In re Raul M.

—Order of disposition, Family Court, New York County (Richard Ross, J.), entered April 21, 1997, which adjudicated appellant a juvenile delinquent, upon a fact-finding determination that he had committed acts which, if committed by an adult, would constitute the crimes of grand larceny in the fourth degree and criminal possession of stolen property in the fourth degree, and placed him with the Division for Youth for a period of 18 months, unanimously reversed, on the law, without costs, and the petition dismissed.

As respondent presentment agency correctly concedes, the evidence was insufficient to establish appellant’s commission of acts constituting the crimes of grand larceny in the fourth degree and criminal possession of stolen property in the fifth degree (Matter of Antonio R., 186 AD2d 200, 201). However, we reject the presentment agency’s suggestion that, since the evidence would have been sufficient to establish unauthorized use of a vehicle in the third degree (Penal Law § 165.05), we should modify the fact-finding determination accordingly. Although unauthorized use of a vehicle was once considered a lesser included offense of grand larceny or criminal possession of stolen property (People v Kirnon, 39 AD2d 666, 667, affd 31 NY2d 877), such is no longer the case under the "impossibility” test subsequently enunciated by the Court of Appeals in People v Glover (57 NY2d 61, 64).
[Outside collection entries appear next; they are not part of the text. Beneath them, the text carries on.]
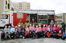 К радости детей и взрослых в наш детский сад приехала пожарная машина. Представители пожарной части №63 провели подробную экскурсию для ребят: показал все части спасательной машины, рассказал о назначении ее частей и оборудования. Сотрудники пожарно-спасательной части продемонстрировали специальную пожарную технику и пожарно-спасательный инвентарь, показали предметы боевой одежды. Ребята с удовольствием примеряли шлем и даже панорамную маску, которую применяют при спасении пострадавших на пожаре. Воспитанники узнали много интересного: для чего пожарным специальный костюм, с помощью чего пожарные дышат в задымленных участках, чем укомплектована машина, какими средствами пожарные пользуются при тушении пожара. Ребята с интересом рассматривали и слушали рассказ гостей.
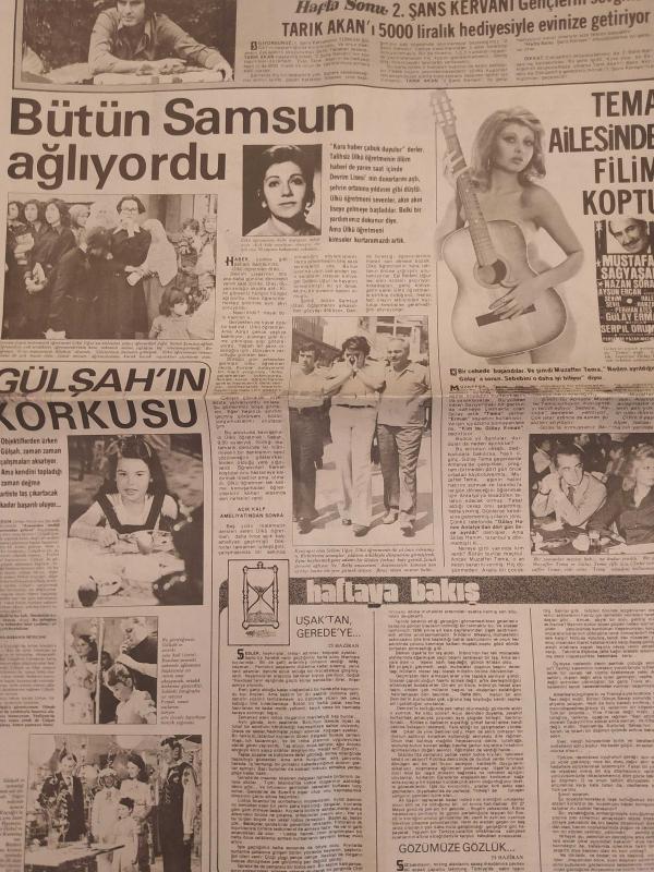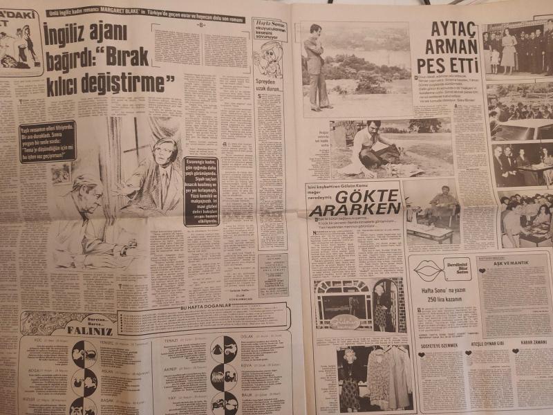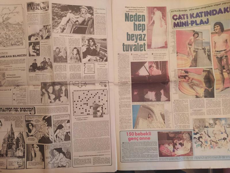 Hafta Sonu Haftalık Aktüalite Sinema Tiyatro Müzik ve Magazin Gazetesi - 27 Haziran 1975 - Sayı:26 - Türkan Şoray ''Ben de Fantom'a bindim'' - Şefik Tabakan - Muammer İnal - Müjde Ar - Mehtap Gürel - Tarık Akan - Muzaffer Tema - Gülay Tema - Bütün Samsun ağlıyordu - Gülşah'ın korkusu - Yaşla gelen dortlar - Kaza geliyorum demez - Prenses Caroline - İzzet Günay - Güzele ne yaraşmaz - Güngör Sikman - Aytül Tanaçan - Nuran Demirdöken - Merih Gürkaynak - Neydi, neydi, ne? - Truva'daki Ceset - İngiliz ajanı bağırdı: ''Bırak kılıcı değiştirme'' - Aytaç Arman pes etti - Türkan Şoray - Gülsün Kamu gökte ararken - Şimdi de havacıların yıldızı - Saraylarda aşk başkadır çizgi romanı - Nilgün Atılgan neden hep beyaz tuvalet - Ali Rıza Binboğa, Çatı katındaki mini plaj - Hülya Tuğlu - 150 bebekli genç anne - İşte Yeliz - Melike Demirağ - Yeşilçam Kilo Atıyor - Feri Cansel - Melek Görgün - Oya Peri - Bahar Erdeniz fotoğraf ve haberi - Tam Takım Gazete Yıpranma, sararmalar, kupon kesiği ve yırtılmalar zamana bağlı olarak görülebilir
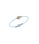 Bracciale laccio azzurro con iniziale in argento 925 smaltata da entrambi i lati bianco e beige.
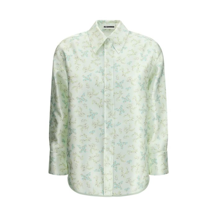 The floral-print Shirt by Jil Sander combines minimalist elegance with refined graphic detail. Crafted in a soft light green hue, it features an all-over floral print that adds fluidity and lightness to the design. A pointed collar, button-down closure, and long sleeves complete the look with understated sophistication, true to the brand’s signature aesthetic.
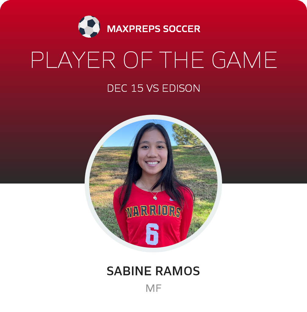 Congratulations to #6 Sabine Ramos for being selected the Woodbridge Girls Soccer Player of the Match.
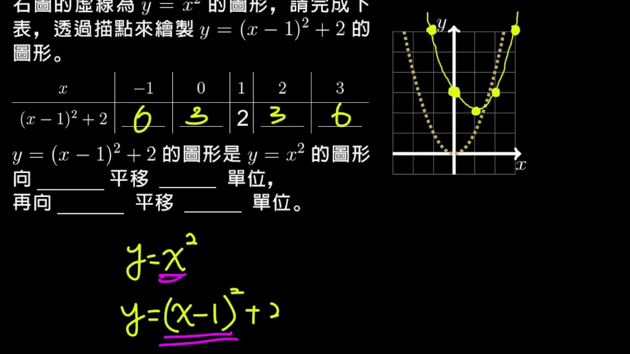載入中... 相關課程 Back 【例題】描繪 y= (x-1)^2+2 的圖形 相關課程 0 / 750 登入觀看 ⇐ Use this menu to view and help create subtitles for this video in many different languages. You'll probably want to hide YouTube's captions if using these subtitles. 【例題】描繪 y= (x-1)^2+2 的圖形 上傳學習單 下載學習單
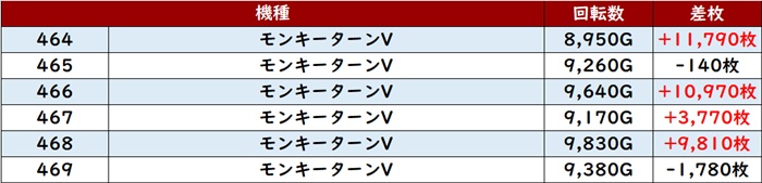 まずは「モンキー5 464~469」全台回転数8,900G超えと大盛況!
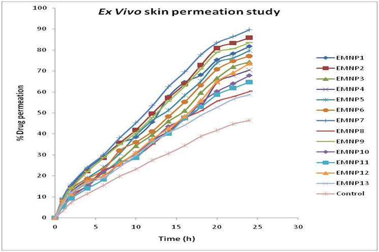 Results: Physical characterization was found to be within acceptable limits. The ex vivo skin permeation studies showed the cumulative permeation of 58.75 % to 89.72 % through the albino rat skin in 24 h for all the formulations, which indicate the zero-order drug permeation with diffusion, non-fickian release. Among all formulations, EMNP7 was selected as best formulation because it showed better characteristics than other formulations in several aspects like physicochemical characterization, ex vivo skin permeation studies, permeation kinetics, and other evaluation parameters. The skin irritation study revealed that there was no irritation after topical application and it was found to be safer to use. The In vivo antihypertensive study revealed that the formulation of EMNP7 was successful to regress the rat blood pressure (BP) to normal values in experimental hypertensive rats.
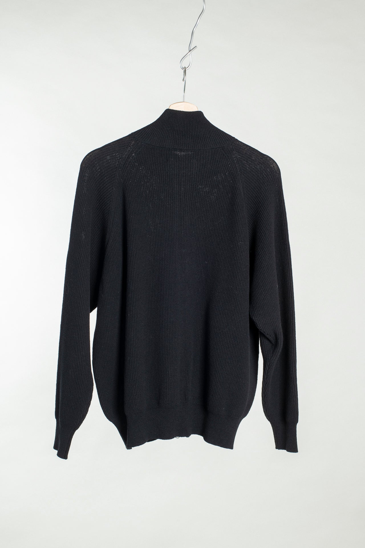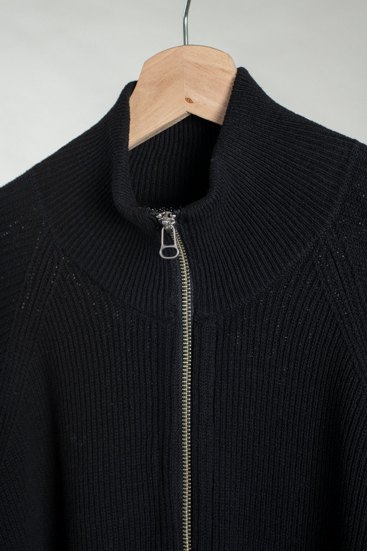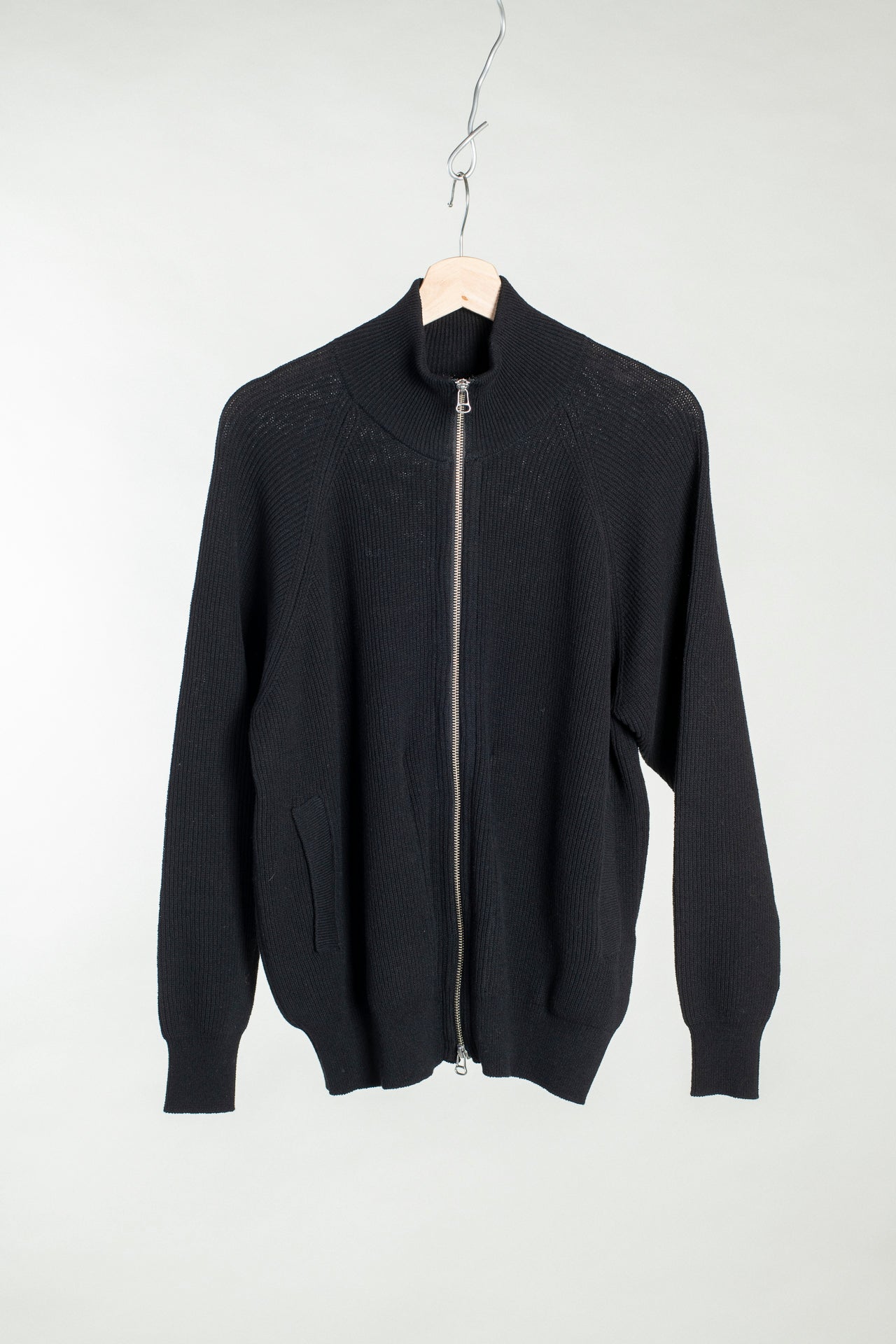 A sturdy two way zipper and a high mock neck. This piece fits close to the body with a bit of volume in the sleeves, with natural stretch to the fabric for movement.
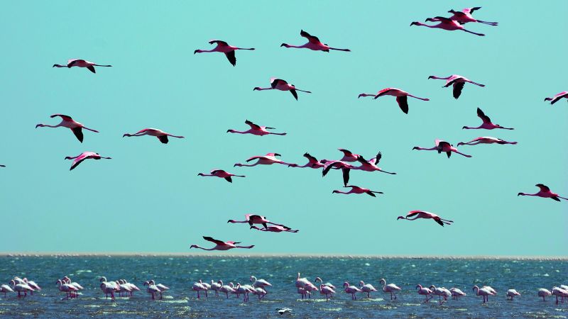 Ville portuaire ouvrant sur l’océan Atlantique, Walvis Bay, Baie des Baleines en Afrikaans, est une destination prisée des visiteurs dans la région. La faune est exceptionnelle, avec des flamants roses, des pélicans, des baleines, des dauphins, des otaries… Ces espèces endémiques sont pour la plupart observables à partir de mini-croisières à bord de catamarans.
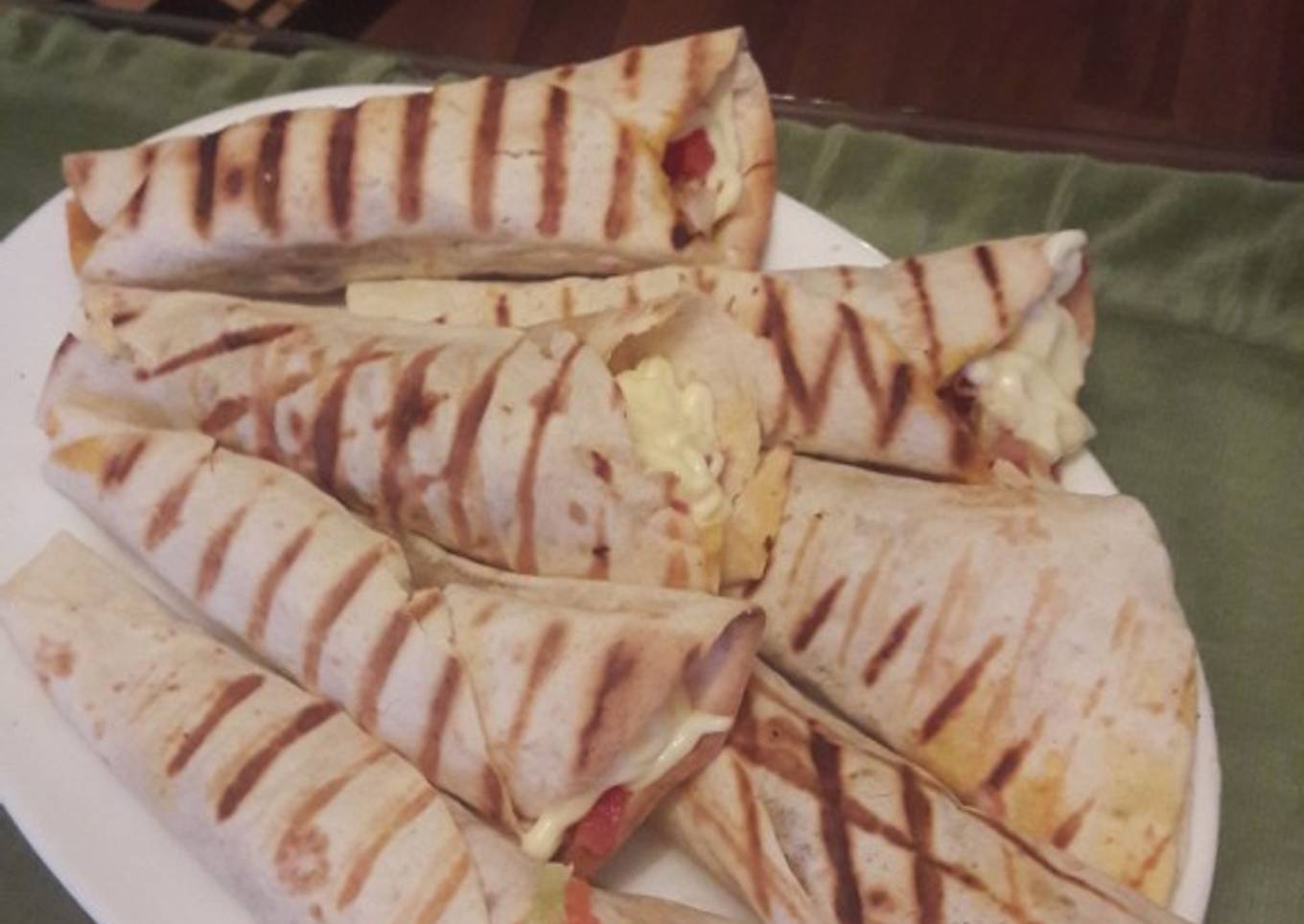 - Del pollo y los pimientos y así con todas las fajitas, enrollamos y por último cogemos una sartén para calentar y tostar un poco las fajitas por un lado y por el otro y listo para comer.

Unauthorized use of a vehicle is not *337a lesser included offense of larceny and stolen property crimes that do not, in the abstract, rather than under the particular facts, necessarily involve vehicles (People v Vicks, 138 AD2d 936, Iv denied 72 NY2d 1050; People v Edwards, 104 AD2d 448; People v Harrington, 99 AD2d 854).

Concur — Milonas, J. P., Ellerin, Tom, Mazzarelli and Saxe, JJ.